Now compare this to an old crusty laptop running Linux and Samba, accessing the movie off of a USB HDD.  See below:

----total-cpu-usage---- -dsk/total- -net/total- ---paging-- ---system--
usr sys idl wai hiq siq| read writ| recv send| in out | int csw 
  7 5 0 84 0 4|4096k 0 | 180k 3989k| 0 0 |1969 1244 
  6 7 0 83 0 4|4096k 0 | 201k 4443k| 0 0 |2001 1299 
  4 5 59 28 0 4|2304k 4096B| 144k 3165k| 0 0 |1186 767 
  7 4 89 0 0 0|1920k 0 | 95k 2069k| 0 0 |1002 712 
  6 5 86 0 0 3|2432k 36k| 104k 2285k| 0 0 |1248 819 
  6 6 87 0 0 1|2304k 0 | 110k 2419k| 0 0 |1194 815 
  8 5 86 0 0 1|2816k 0 | 125k 2752k| 0 0 |1429 906 
  7 6 86 0 0 1|2688k 4096B| 143k 3162k| 0 0 |1364 902 
  5 6 87 0 0 2|2048k 0 | 96k 2109k| 0 0 |1062 703 
  9 6 83 0 0 2|2944k 0 | 128k 2799k| 0 0 |1486 974 
  7 5 88 0 0 0|2560k 20k| 134k 2963k| 0 0 |1299 856 
  6 6 87 0 0 1|2432k 0 | 113k 2478k| 0 0 |1257 840 
  8 6 84 0 0 2|2816k 0 | 129k 2823k| 0 0 |1423 906 
  6 9 84 0 0 1|3328k 0 | 146k 3226k| 0 0 |1652 1064 
  7 5 88 0 0 0|2688k 0 | 146k 3226k| 0 0 |1343 847 
  7 5 86 0 0 2|2688k 0 | 122k 2688k| 0 0 |1352 905 
  6 6 85 0 0 3|3200k 20k| 158k 3495k| 0 0 |1596 1001 
  9 3 63 22 0 3|2816k 60k| 122k 2688k| 0 0 |1426 939

Notice the difference between disk reads and network sends?  I don’t necessarily believe it’s a network issue with the firmware, but rather a disk read-ahead problem.  Please note, disk writes are a heck of a lot faster that the reads, so it seems that there is an imbalance there. (results of a write not shown for brevity)

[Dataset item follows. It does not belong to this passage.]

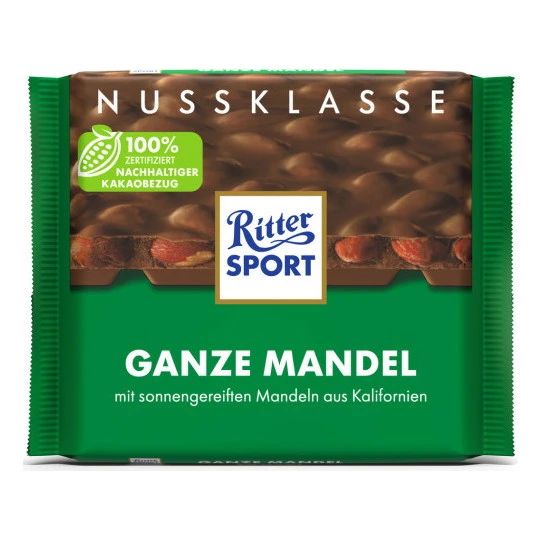 Mit der Ritter Sport Ganze Mandel holst du dir ein sonniges Gefühl direkt in deinen Bauch! Denn die leckeren Mandeln sind nicht nur knackig geröstet, sondern zuvor auch lange Zeit unter der kalifornischen Sonne gereift. Umhüllt von klassischer Vollmilchschokolade entsteht so eine Kombination, bei der es einem ganz warm ums Herz wird. Eine echte Mandelikatesse eben.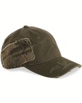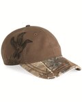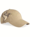 Brushed twill sandwich cap has contrast color stitching, trim and undervisor.

hdparm results are also pretty pathetic. I mean, holy ■■■■… this is abysmal.

~ $ hdparm -tT /dev/sda

/dev/sda:
 Timing buffer-cache reads: 128 MB in 0.83 seconds =154.22 MB/sec
 Timing buffered disk reads: 64 MB in 1.28 seconds = 50.00 MB/sec
~ $ 
~ $ hdparm -tT /dev/sdb

/dev/sdb:
 Timing buffer-cache reads: 128 MB in 0.78 seconds =164.10 MB/sec
 Timing buffered disk reads: 64 MB in 1.16 seconds = 55.17 MB/sec
~ $ 
~ $ hdparm -tT /dev/sdc

/dev/sdc:
 Timing buffer-cache reads: 128 MB in 0.80 seconds =160.00 MB/sec
 Timing buffered disk reads: 64 MB in 1.17 seconds = 54.70 MB/sec
~ $ 
~ $ hdparm -tT /dev/sdd

/dev/sdd:
 Timing buffer-cache reads: 128 MB in 0.87 seconds =147.13 MB/sec
 Timing buffered disk reads: 64 MB in 1.20 seconds = 53.33 MB/sec
~ $

I have tried every Samba configuration tweak I can think of and it still elicits the same behavior.

socket options = IPTOS_LOWDELAY TCP_NODELAY SO_RCVBUF=65536 SO_SNDBUF=65536

I’ll have a go at calling WD support, but don’t want to push my return policy from Dell much farther.

FYI… called support, got through to a really nice guy in Level 2 support.  He was pretty straight up and mentioned that engineering has been looking into a few bugs in the latest firmware related to CIFS / Samba performance.  They have no ETA for a fix.  Bummer.

Just initiated a return with Dell.  WD Level 2 support confirmed engineering is looking into a performance problem and has no ETA for a firmware release.  Bummer.  Going to end up buying a QNAP 419p or comparable Synology device.  I would downgrade to 2.2.28… but apparently that doesn’t work anyway.